#### What is required
Transcribe all of the data verbatim, please, and leave out its pictures.

=== Supplied information ===

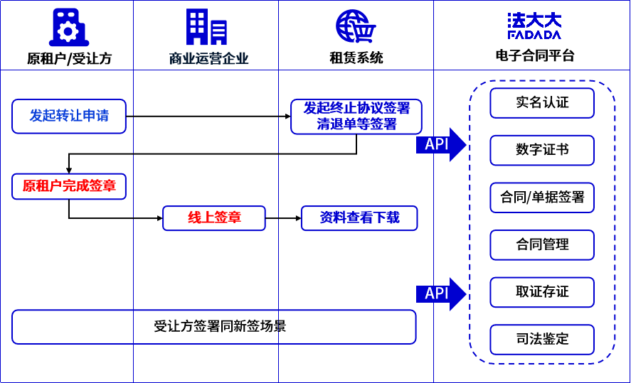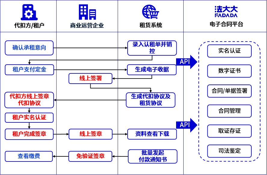 1、通过法大大开放API平台实现与租赁系统的快速对接;
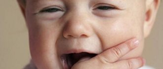 The first sign of the onset of teething is redness and swelling of the gums, which, after 7-10 days, again acquire a normal appearance, but with only one change. A thin white stripe appears at the top of the gum - an emerging tooth. Other frequent, but not constant, symptoms of teething are: an increase in body temperature to approximately 37.5 -38.0 degrees, loose stools or a decrease in the baby’s appetite. The most accurate and constant sign of this process is considered to be increased salivation and itching of the gums. The child’s behavior at this time is reminiscent of the reactions of a pet hamster or other rodent - he puts everything into his mouth and chews everything: toys, wooden bars of the crib, pacifiers, even his own fingers. When teething, a sour (metallic) odor may occur from the baby's mouth, as antibacterial substances are produced in the saliva at this time. They change the smell of saliva.
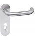 Paire de plaque courte forme arrondie avec découpe pour cylindre Européen. Réalisation en acier inoxydable AISI304 finement brossé. Plaque avec palier pour un meilleur maintien de la poignée.
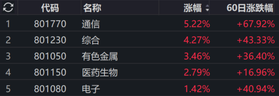 按照申万一级,昨天涨幅前五分别是通信、综合、有色、医药,以及电子,下图,除了医药以外,其他四个行业,按照近60日来看,也正好是涨幅前四的行业。
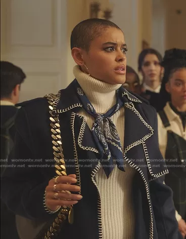 Julien Calloway (played by Jordan Alexander) on Gossip Girl on HBO Max was spotted wearing this navy stitched coat and bag on Gossip Girl on episode 'Guess Who's Coming at Dinner' (2x02) in Dec 2022. Julien's Coat is the Roman Oversized Whipstitched Felt Trench Coat by Khaite . Julien's Bag is the Frayme Bag in dark purple by Stella McCartney.
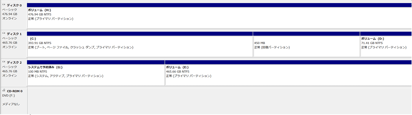 クローンを作成するためのHDD(500GB)のCドライブが100GBしかなかったので、パーティションをクローン作製前に整え、Cドライブを拡張する必要がありました。
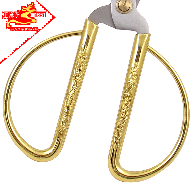王麻子 龙凤剪刀家用日常用剪刀 婚庆剪刀办公剪 剪彩剪刀 JD21-1
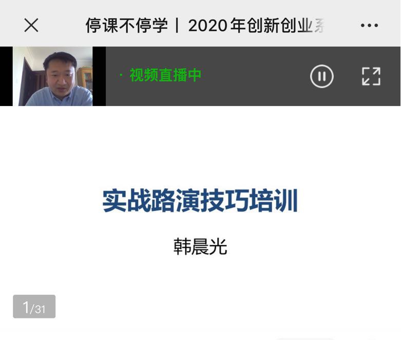 如有同学需回看本次韩晨光老师“实战路演技巧培训”课程,请扫描下方二维码:
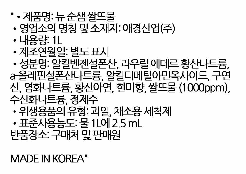 경기도 이천 쌀로 만든 쌀뜨물 성분 함유 주방세제 1L
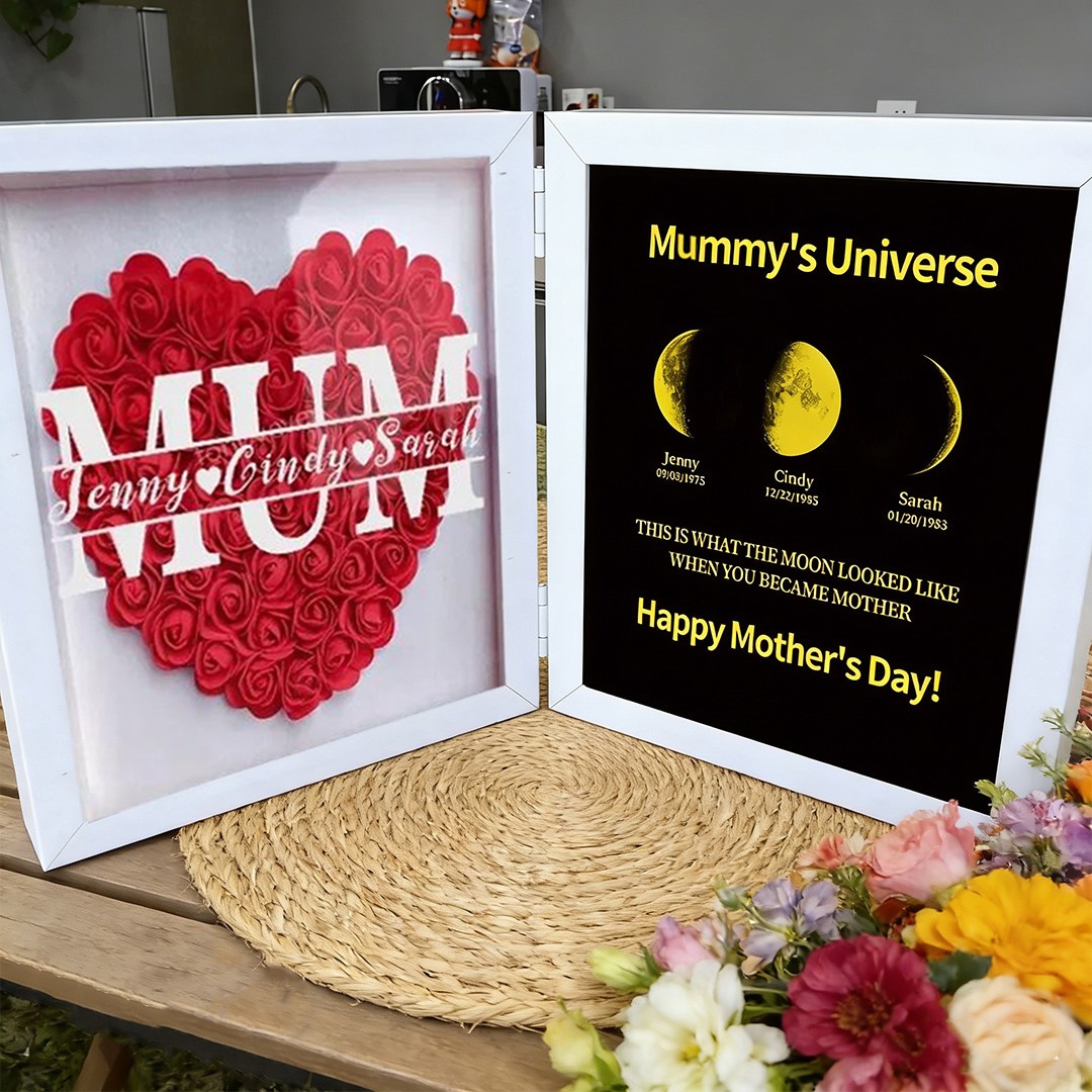 Personalised Name Flower Shadow Box with Mummy's Universe Moon Phase Frame Unique Gift for Mum Grandma Mother's Day Gifts

===

#### Final answer
 1、通过法大大开放API平台实现与租赁系统的快速对接;
 The first sign of the onset of teething is redness and swelling of the gums, which, after 7-10 days, again acquire a normal appearance, but with only one change. A thin white stripe appears at the top of the gum - an emerging tooth. Other frequent, but not constant, symptoms of teething are: an increase in body temperature to approximately 37.5 -38.0 degrees, loose stools or a decrease in the baby’s appetite. The most accurate and constant sign of this process is considered to be increased salivation and itching of the gums. The child’s behavior at this time is reminiscent of the reactions of a pet hamster or other rodent - he puts everything into his mouth and chews everything: toys, wooden bars of the crib, pacifiers, even his own fingers. When teething, a sour (metallic) odor may occur from the baby's mouth, as antibacterial substances are produced in the saliva at this time. They change the smell of saliva.
 Paire de plaque courte forme arrondie avec découpe pour cylindre Européen. Réalisation en acier inoxydable AISI304 finement brossé. Plaque avec palier pour un meilleur maintien de la poignée.
 按照申万一级,昨天涨幅前五分别是通信、综合、有色、医药,以及电子,下图,除了医药以外,其他四个行业,按照近60日来看,也正好是涨幅前四的行业。
 Julien Calloway (played by Jordan Alexander) on Gossip Girl on HBO Max was spotted wearing this navy stitched coat and bag on Gossip Girl on episode 'Guess Who's Coming at Dinner' (2x02) in Dec 2022. Julien's Coat is the Roman Oversized Whipstitched Felt Trench Coat by Khaite . Julien's Bag is the Frayme Bag in dark purple by Stella McCartney.
 クローンを作成するためのHDD(500GB)のCドライブが100GBしかなかったので、パーティションをクローン作製前に整え、Cドライブを拡張する必要がありました。
王麻子 龙凤剪刀家用日常用剪刀 婚庆剪刀办公剪 剪彩剪刀 JD21-1
 如有同学需回看本次韩晨光老师“实战路演技巧培训”课程,请扫描下方二维码:
 경기도 이천 쌀로 만든 쌀뜨물 성분 함유 주방세제 1L
 Personalised Name Flower Shadow Box with Mummy's Universe Moon Phase Frame Unique Gift for Mum Grandma Mother's Day Gifts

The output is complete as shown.